▸ **Try it**:
In this exercise, return the whole listing exactly, excluding any images.

▸ **Recorded data**:
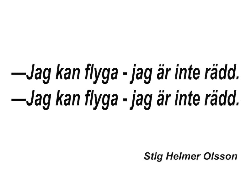 Knackiger schwarzer Text auf einem sauberen weißen Hintergrund präsentiert ein schwedisches Zitat: 'Jag kan flyga - jag binte rädd' (Ich kann fliegen - ich habe keine Angst). Die Wiederholung unterstreicht eine Botschaft von Mut und Selbstvertrauen. Seine karge Einfachheit erzeugt einen kraftvollen, erhebenden Puls, der auf leise, elegante Weise von innerer Stärke und Furchtlosigkeit spricht.
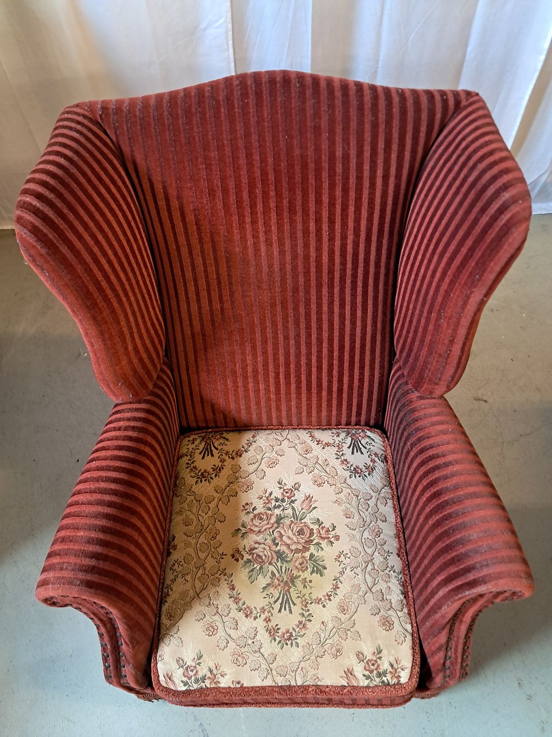 Lænestol med velourbetræk, fra 1970erne.
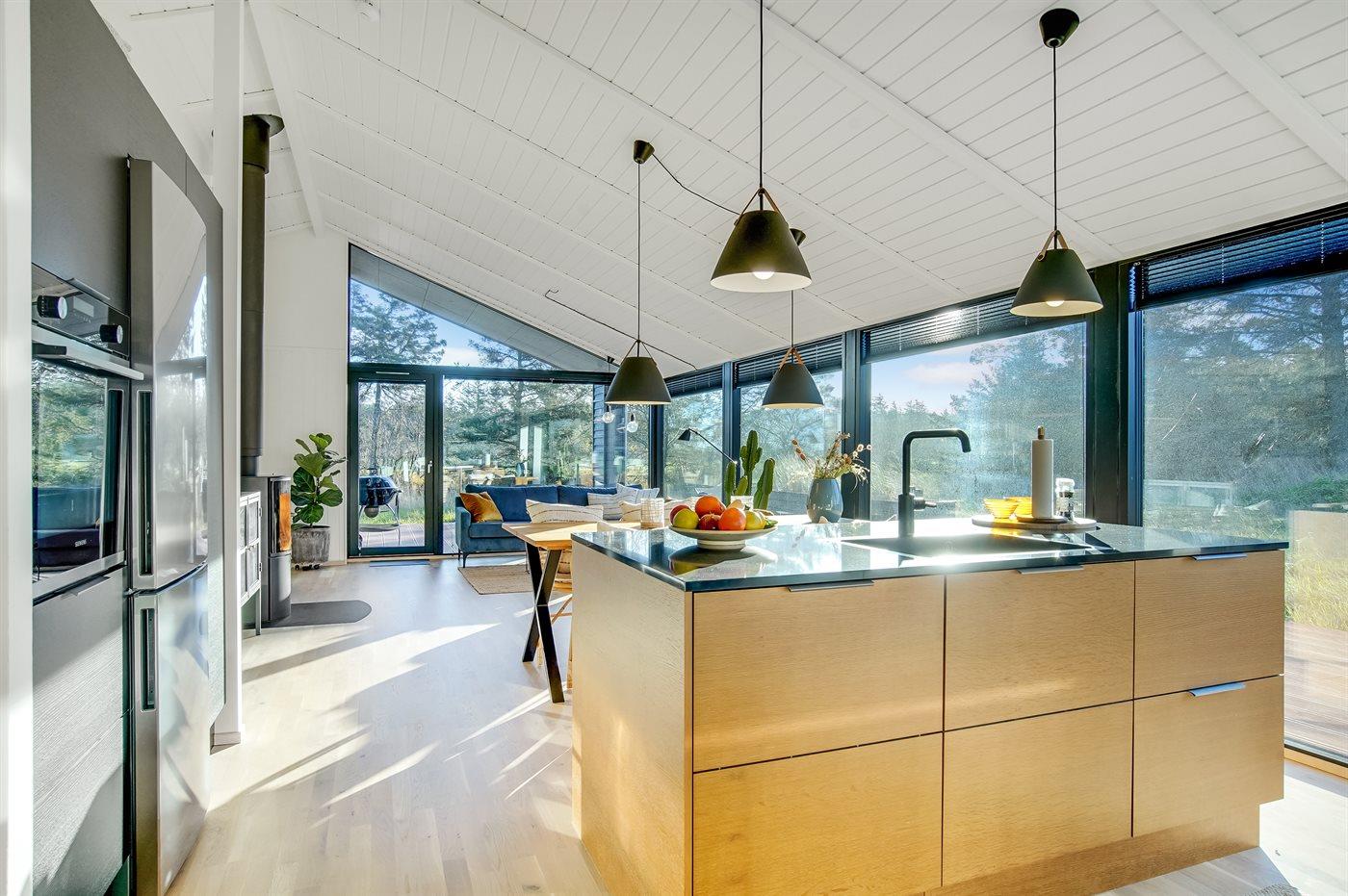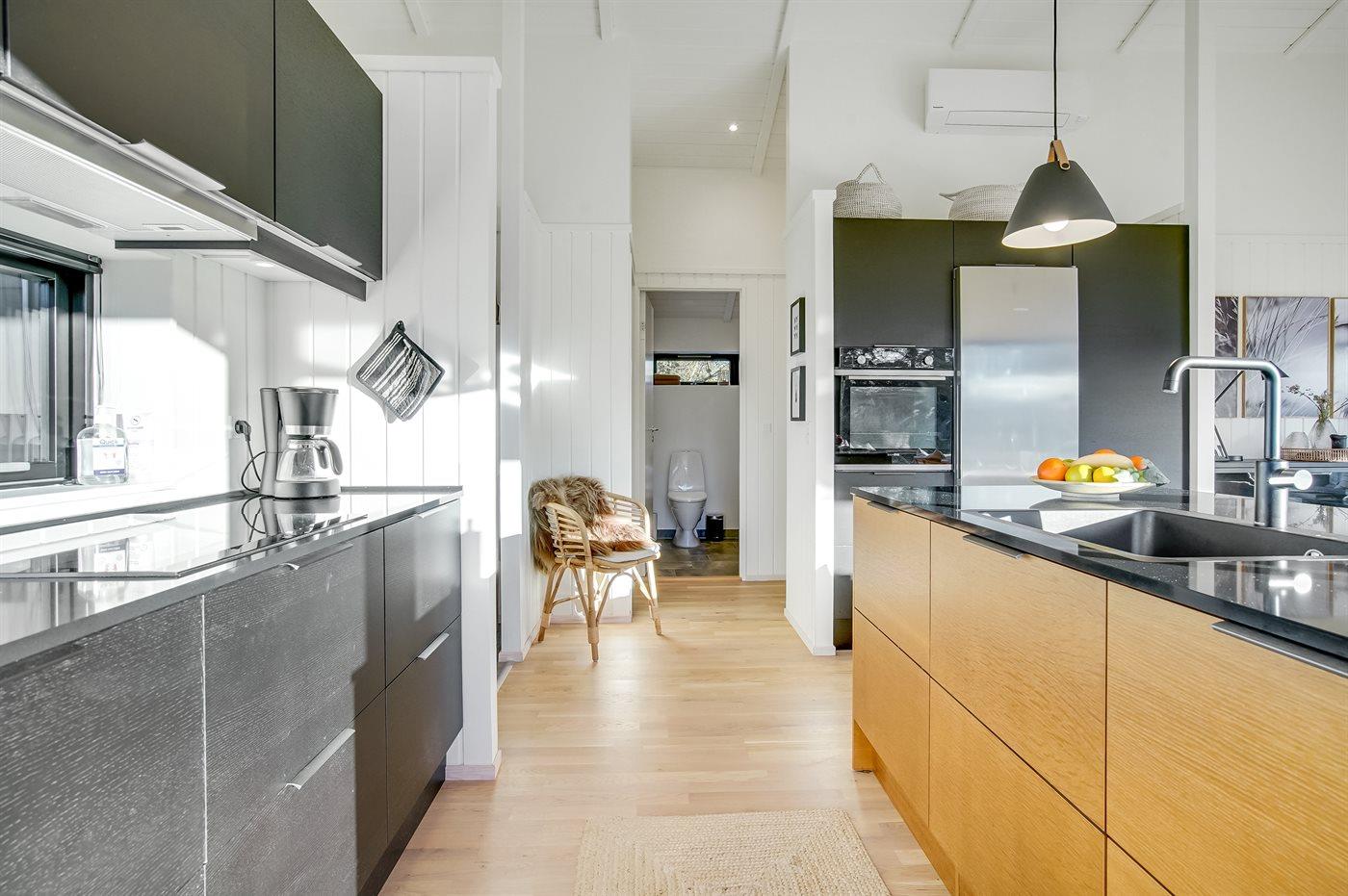 Køkkenet er udstyret med 1 køleskab. Der er 4 induktionskogeplader, varmluftovn samt opvaskemaskine.

▸ **Problem solution**:
 Knackiger schwarzer Text auf einem sauberen weißen Hintergrund präsentiert ein schwedisches Zitat: 'Jag kan flyga - jag binte rädd' (Ich kann fliegen - ich habe keine Angst). Die Wiederholung unterstreicht eine Botschaft von Mut und Selbstvertrauen. Seine karge Einfachheit erzeugt einen kraftvollen, erhebenden Puls, der auf leise, elegante Weise von innerer Stärke und Furchtlosigkeit spricht.
 Lænestol med velourbetræk, fra 1970erne.
 Køkkenet er udstyret med 1 køleskab. Der er 4 induktionskogeplader, varmluftovn samt opvaskemaskine.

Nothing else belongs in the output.